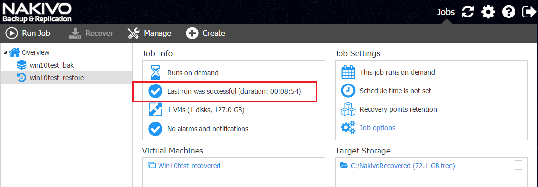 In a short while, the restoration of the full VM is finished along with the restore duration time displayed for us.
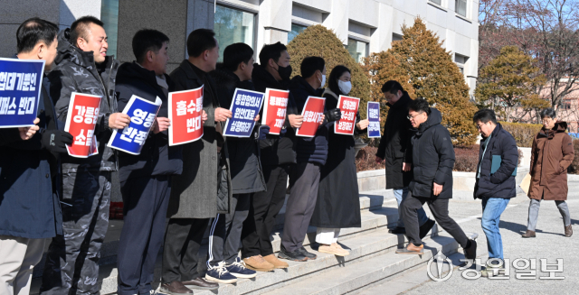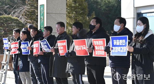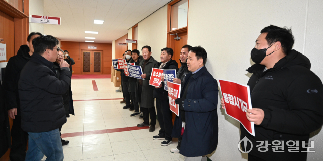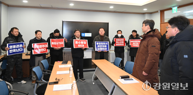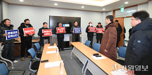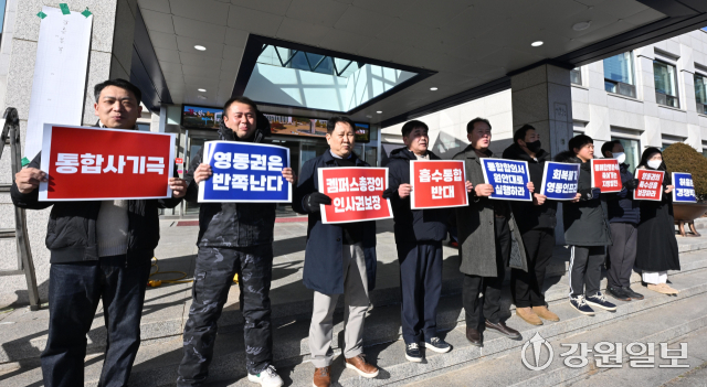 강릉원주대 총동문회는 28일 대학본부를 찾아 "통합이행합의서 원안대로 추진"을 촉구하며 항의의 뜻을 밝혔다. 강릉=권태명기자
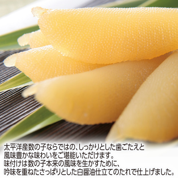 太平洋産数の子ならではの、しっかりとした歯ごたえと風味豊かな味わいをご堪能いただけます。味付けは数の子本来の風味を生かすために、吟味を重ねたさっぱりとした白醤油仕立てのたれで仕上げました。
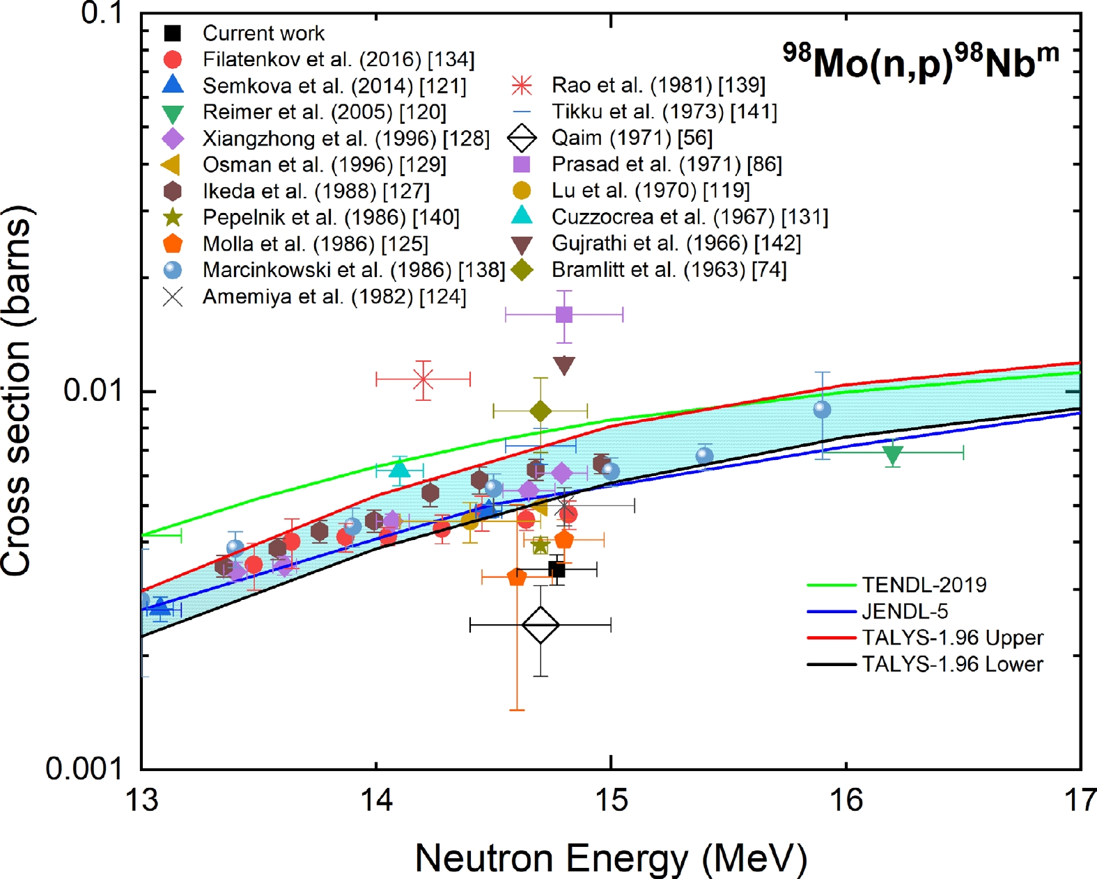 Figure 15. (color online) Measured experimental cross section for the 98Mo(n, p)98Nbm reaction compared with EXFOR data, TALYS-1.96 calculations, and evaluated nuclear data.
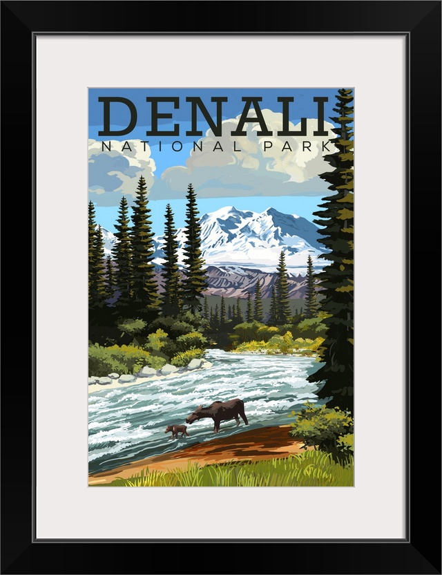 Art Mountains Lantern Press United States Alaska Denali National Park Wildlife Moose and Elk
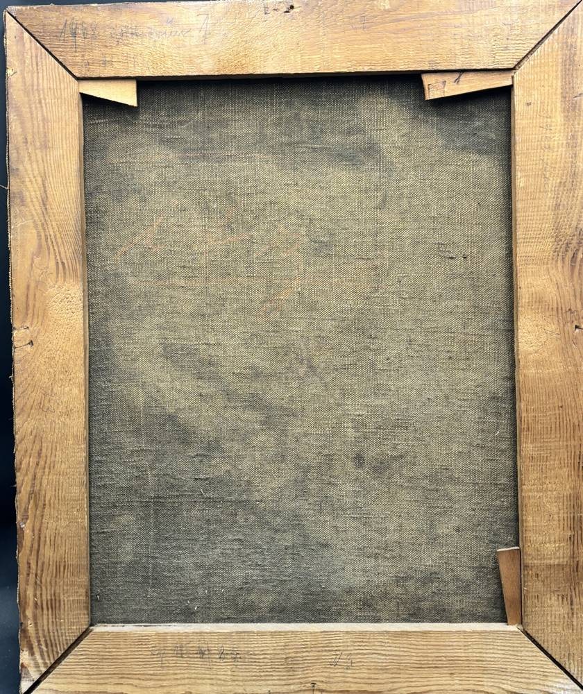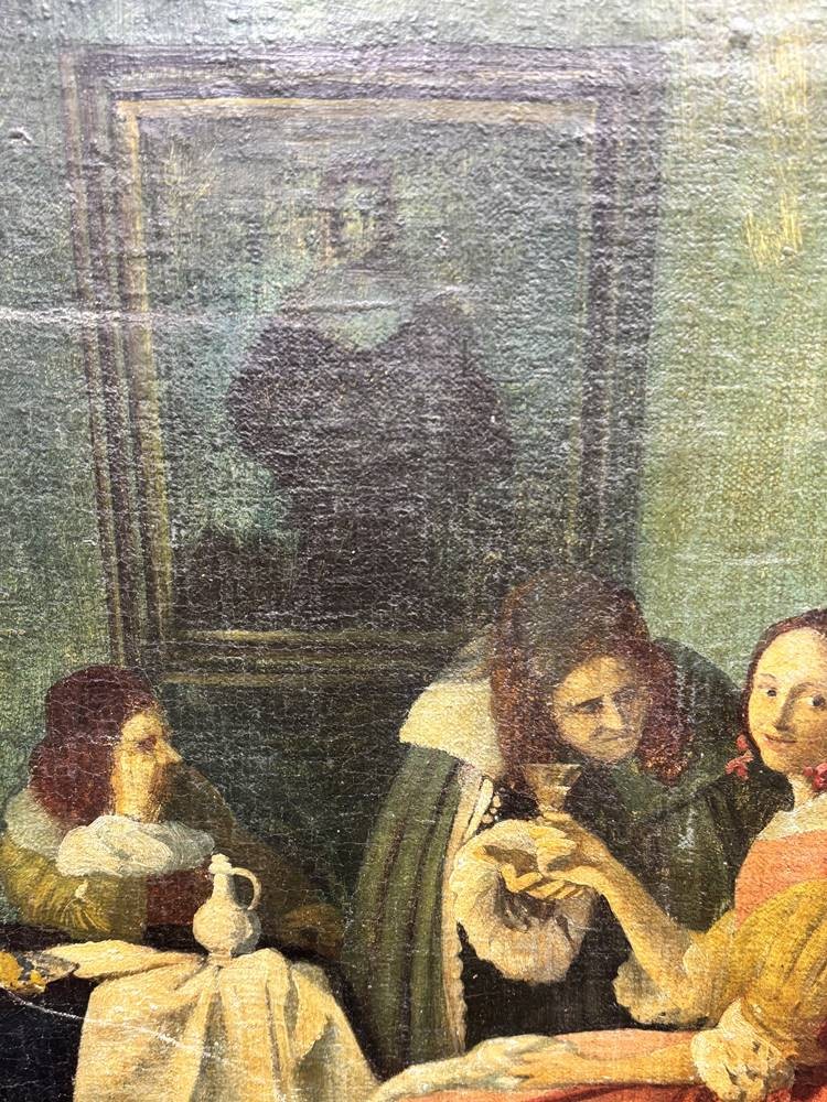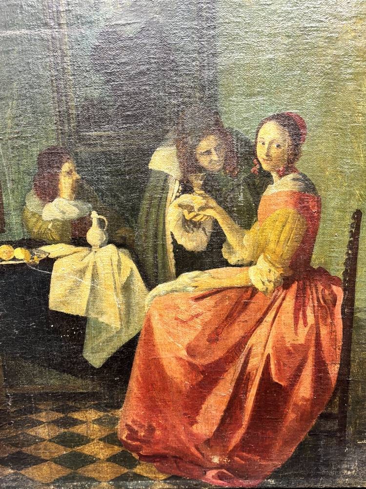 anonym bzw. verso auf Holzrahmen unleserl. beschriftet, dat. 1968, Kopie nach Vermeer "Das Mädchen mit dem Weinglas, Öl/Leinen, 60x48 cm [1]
◆ ◆ ◆ ◆
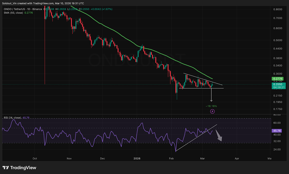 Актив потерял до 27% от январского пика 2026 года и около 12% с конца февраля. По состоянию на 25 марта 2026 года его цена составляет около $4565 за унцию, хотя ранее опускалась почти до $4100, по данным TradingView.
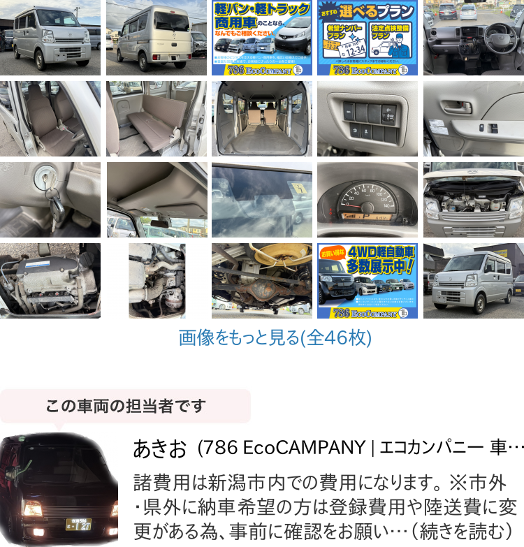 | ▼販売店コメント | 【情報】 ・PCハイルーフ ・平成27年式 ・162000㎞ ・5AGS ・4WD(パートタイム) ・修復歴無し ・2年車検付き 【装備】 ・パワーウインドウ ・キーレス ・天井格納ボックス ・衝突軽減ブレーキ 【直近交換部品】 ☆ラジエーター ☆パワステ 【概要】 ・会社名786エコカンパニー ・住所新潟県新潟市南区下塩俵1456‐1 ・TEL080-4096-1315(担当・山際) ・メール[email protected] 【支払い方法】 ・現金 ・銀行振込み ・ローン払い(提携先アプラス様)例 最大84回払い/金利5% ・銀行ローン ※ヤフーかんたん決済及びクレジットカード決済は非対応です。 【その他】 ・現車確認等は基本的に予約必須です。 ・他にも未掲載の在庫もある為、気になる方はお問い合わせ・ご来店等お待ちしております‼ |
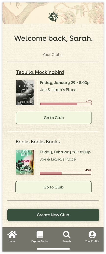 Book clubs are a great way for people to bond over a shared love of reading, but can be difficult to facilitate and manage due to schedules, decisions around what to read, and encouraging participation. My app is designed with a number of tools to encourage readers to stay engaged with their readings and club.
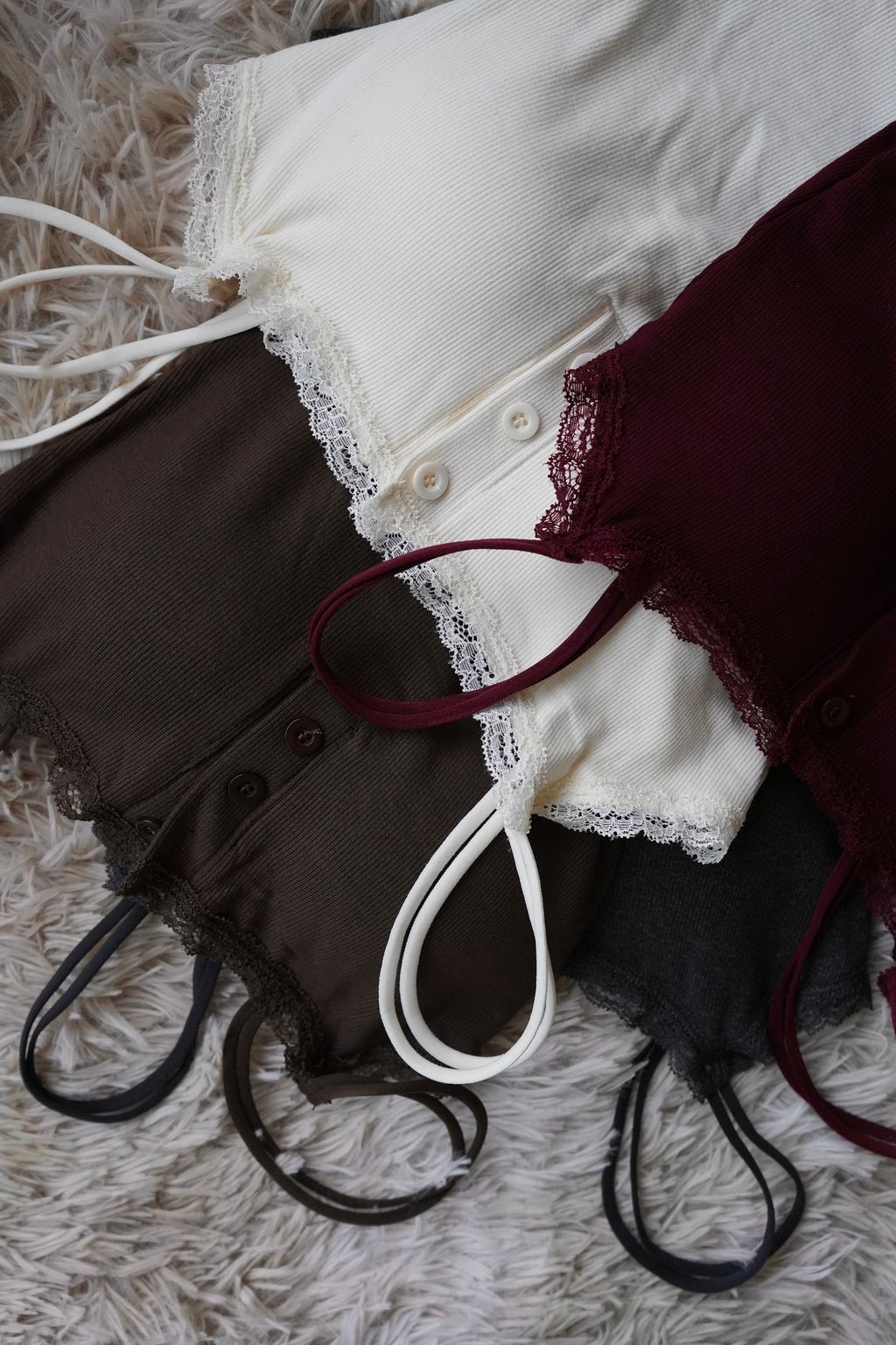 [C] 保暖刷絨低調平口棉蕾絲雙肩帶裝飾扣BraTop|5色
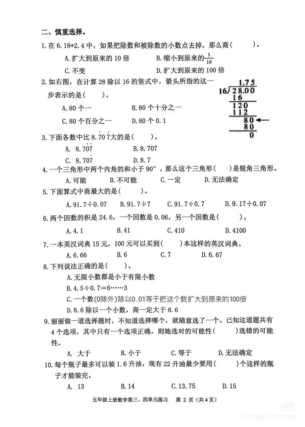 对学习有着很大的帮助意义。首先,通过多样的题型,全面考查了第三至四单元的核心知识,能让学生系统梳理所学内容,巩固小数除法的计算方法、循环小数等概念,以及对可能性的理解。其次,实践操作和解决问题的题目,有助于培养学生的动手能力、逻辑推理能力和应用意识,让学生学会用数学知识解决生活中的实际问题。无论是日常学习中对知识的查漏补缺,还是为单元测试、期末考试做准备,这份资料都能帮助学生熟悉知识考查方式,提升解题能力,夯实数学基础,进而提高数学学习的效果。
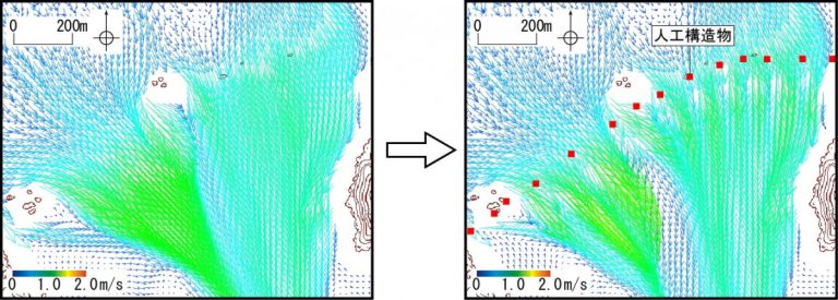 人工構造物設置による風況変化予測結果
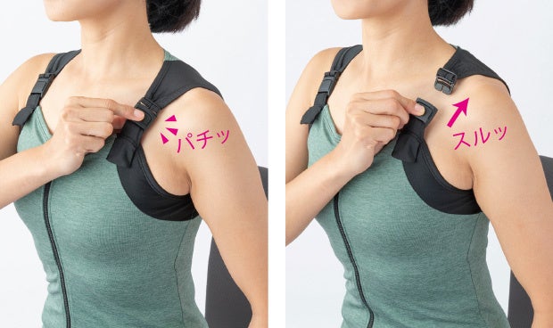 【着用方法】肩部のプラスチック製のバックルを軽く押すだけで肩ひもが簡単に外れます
◆ ◆ ◆ ◆
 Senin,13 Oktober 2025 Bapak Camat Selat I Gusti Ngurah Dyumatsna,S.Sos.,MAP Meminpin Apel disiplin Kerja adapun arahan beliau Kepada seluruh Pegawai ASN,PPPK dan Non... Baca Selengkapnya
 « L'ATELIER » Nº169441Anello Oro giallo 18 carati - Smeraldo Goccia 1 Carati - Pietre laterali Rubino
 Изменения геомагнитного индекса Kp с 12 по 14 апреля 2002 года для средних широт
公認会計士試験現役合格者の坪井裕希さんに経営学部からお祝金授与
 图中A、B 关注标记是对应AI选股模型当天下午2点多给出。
◆ ◆ ◆ ◆
An exact copy is needed of the stretch above that opens with the line containing "太平洋産数の子ならではの、し" and closes with the line containing "anonym bzw. verso"; the pictures are not part of it.

• [RESPONSE BOX]
 太平洋産数の子ならではの、しっかりとした歯ごたえと風味豊かな味わいをご堪能いただけます。味付けは数の子本来の風味を生かすために、吟味を重ねたさっぱりとした白醤油仕立てのたれで仕上げました。
 Figure 15. (color online) Measured experimental cross section for the 98Mo(n, p)98Nbm reaction compared with EXFOR data, TALYS-1.96 calculations, and evaluated nuclear data.
 Art Mountains Lantern Press United States Alaska Denali National Park Wildlife Moose and Elk
 anonym bzw. verso auf Holzrahmen unleserl. beschriftet, dat. 1968, Kopie nach Vermeer "Das Mädchen mit dem Weinglas, Öl/Leinen, 60x48 cm [1]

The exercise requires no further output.